The cost of a foreign bride, including agency fees and airfares, ranges from $5,000 to $10,000. In the last six months, at least 15 businesses here dealing in foreign brides have closed shop.

Without many friends and with no family here, foreign brides in Singapore have little recourse when marriages turn sour.

Their plight is compounded by the fact that many hold only long-term social visit passes which have to be renewed by their husbands every 90 days - a rule that some use to coerce their wives into keeping mum about being bullied.

Few can afford to hire lawyers and, unlike Singaporean wives, are turned away from free or subsidised legal advice at centres whose services are for citizens and permanent residents only.

In one extraordinary case reported to the Hainan Hwee Kuan last December, a young Hainanese woman alleged that her husband forced her to sign divorce papers before packing her off to the airport the next day.

They had been married for less than a year and she was six months’ pregnant.

In the divorce papers, the man is said to have stated that he was not financially responsible for his wife, nor their child once they were back in China.

Ms.

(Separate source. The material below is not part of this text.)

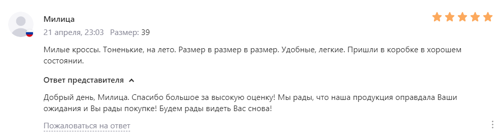 Благодарить покупателей за хорошие отзывы и приглашать ознакомиться с ассортиментом магазина.

Chen is trying to avoid the same fate. In sworn affidavits filed in court in January, she alleged that Mr. Tan had ‘neglected and refused to provide any reasonable maintenance for our child’.

Mr. Tan, a part-time project supervisor, has asked the judge to consider his ‘financial plight and heavy financial obligations’ amid the economic downturn.

‘I don’t know how much longer I can work. I have exhausted my very limited resources and my CPF savings and so I cannot continue to provide for my child,’ he claimed. ‘As the cost of living is fairly low in Shenzhen, my contribution of $50 per month should be more than enough to see to the child’s needs.’